• Data:
-=-=-=-=-
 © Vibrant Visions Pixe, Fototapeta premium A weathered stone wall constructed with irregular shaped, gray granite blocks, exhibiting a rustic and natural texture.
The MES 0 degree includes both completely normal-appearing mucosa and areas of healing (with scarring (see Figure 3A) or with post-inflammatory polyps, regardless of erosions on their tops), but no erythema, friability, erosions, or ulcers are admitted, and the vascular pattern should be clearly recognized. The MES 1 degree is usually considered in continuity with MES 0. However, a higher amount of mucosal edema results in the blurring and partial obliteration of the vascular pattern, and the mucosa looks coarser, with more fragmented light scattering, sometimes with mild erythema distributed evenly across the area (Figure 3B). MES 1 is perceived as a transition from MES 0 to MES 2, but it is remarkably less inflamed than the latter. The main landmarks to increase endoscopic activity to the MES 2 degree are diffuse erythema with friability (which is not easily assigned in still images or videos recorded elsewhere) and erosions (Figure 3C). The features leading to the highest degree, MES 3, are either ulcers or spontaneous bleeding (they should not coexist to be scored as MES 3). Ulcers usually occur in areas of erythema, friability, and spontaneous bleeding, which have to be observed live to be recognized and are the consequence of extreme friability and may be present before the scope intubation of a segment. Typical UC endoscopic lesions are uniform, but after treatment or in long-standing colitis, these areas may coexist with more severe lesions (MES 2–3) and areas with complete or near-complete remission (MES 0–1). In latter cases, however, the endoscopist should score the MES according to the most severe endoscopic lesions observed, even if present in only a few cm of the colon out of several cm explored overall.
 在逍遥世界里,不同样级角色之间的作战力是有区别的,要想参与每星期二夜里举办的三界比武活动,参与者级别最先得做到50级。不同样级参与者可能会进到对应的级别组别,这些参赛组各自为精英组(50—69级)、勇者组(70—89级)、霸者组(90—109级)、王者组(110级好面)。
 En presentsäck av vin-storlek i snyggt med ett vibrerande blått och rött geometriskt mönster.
-=-=-=-=-
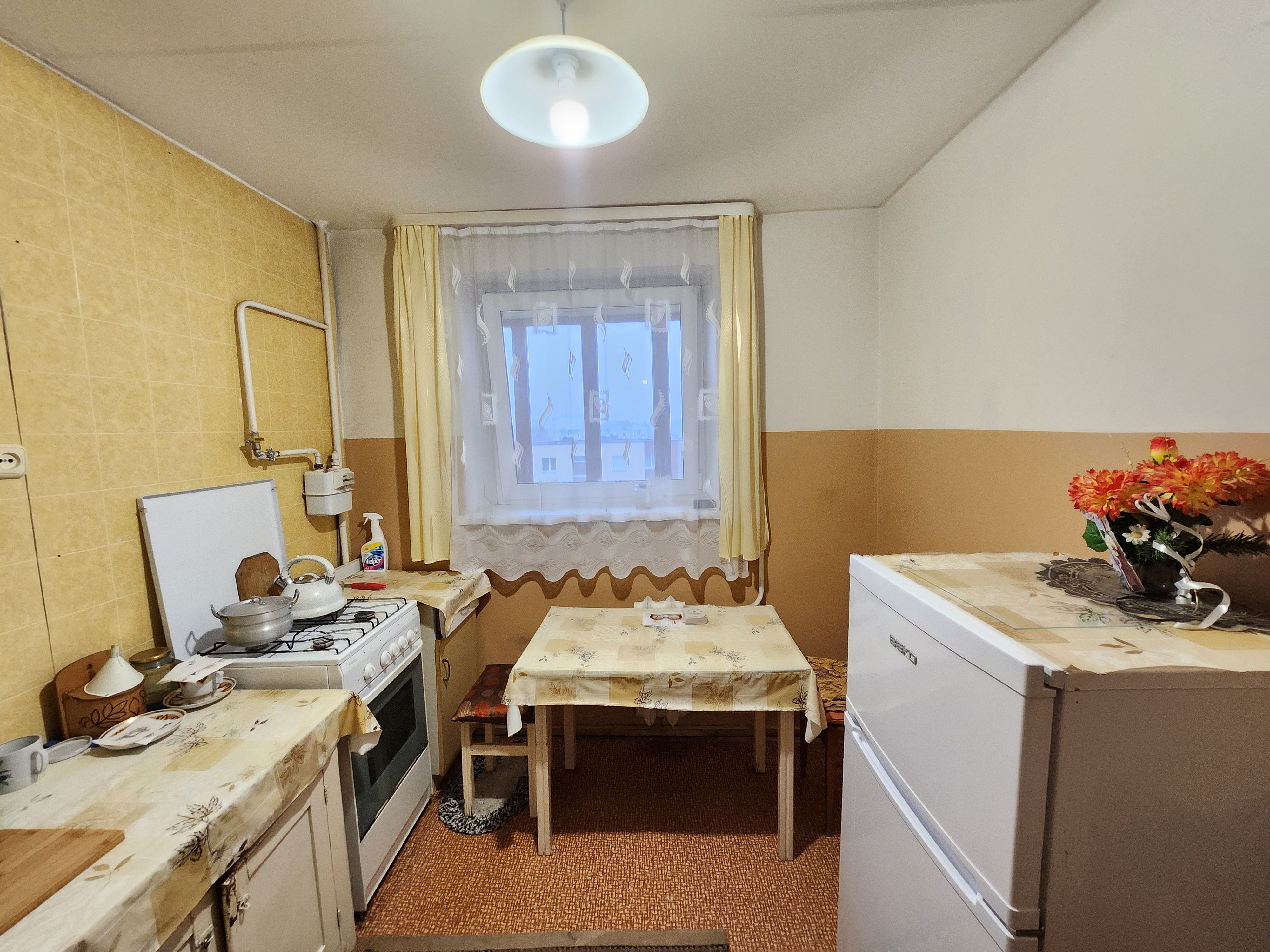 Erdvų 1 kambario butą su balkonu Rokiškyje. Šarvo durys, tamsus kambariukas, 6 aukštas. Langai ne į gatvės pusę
-=-=-=-=-
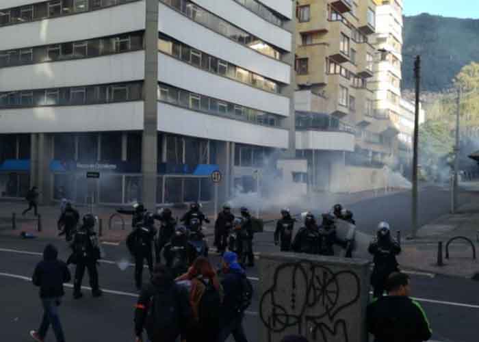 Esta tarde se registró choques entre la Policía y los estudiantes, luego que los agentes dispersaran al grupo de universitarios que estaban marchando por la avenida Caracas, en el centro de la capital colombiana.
-=-=-=-=-
• Exercise details: Report every line of the data above that contains the string "with" by copying it in full.

• Solution to this task:
 © Vibrant Visions Pixe, Fototapeta premium A weathered stone wall constructed with irregular shaped, gray granite blocks, exhibiting a rustic and natural texture.
The MES 0 degree includes both completely normal-appearing mucosa and areas of healing (with scarring (see Figure 3A) or with post-inflammatory polyps, regardless of erosions on their tops), but no erythema, friability, erosions, or ulcers are admitted, and the vascular pattern should be clearly recognized. The MES 1 degree is usually considered in continuity with MES 0. However, a higher amount of mucosal edema results in the blurring and partial obliteration of the vascular pattern, and the mucosa looks coarser, with more fragmented light scattering, sometimes with mild erythema distributed evenly across the area (Figure 3B). MES 1 is perceived as a transition from MES 0 to MES 2, but it is remarkably less inflamed than the latter. The main landmarks to increase endoscopic activity to the MES 2 degree are diffuse erythema with friability (which is not easily assigned in still images or videos recorded elsewhere) and erosions (Figure 3C). The features leading to the highest degree, MES 3, are either ulcers or spontaneous bleeding (they should not coexist to be scored as MES 3). Ulcers usually occur in areas of erythema, friability, and spontaneous bleeding, which have to be observed live to be recognized and are the consequence of extreme friability and may be present before the scope intubation of a segment. Typical UC endoscopic lesions are uniform, but after treatment or in long-standing colitis, these areas may coexist with more severe lesions (MES 2–3) and areas with complete or near-complete remission (MES 0–1). In latter cases, however, the endoscopist should score the MES according to the most severe endoscopic lesions observed, even if present in only a few cm of the colon out of several cm explored overall.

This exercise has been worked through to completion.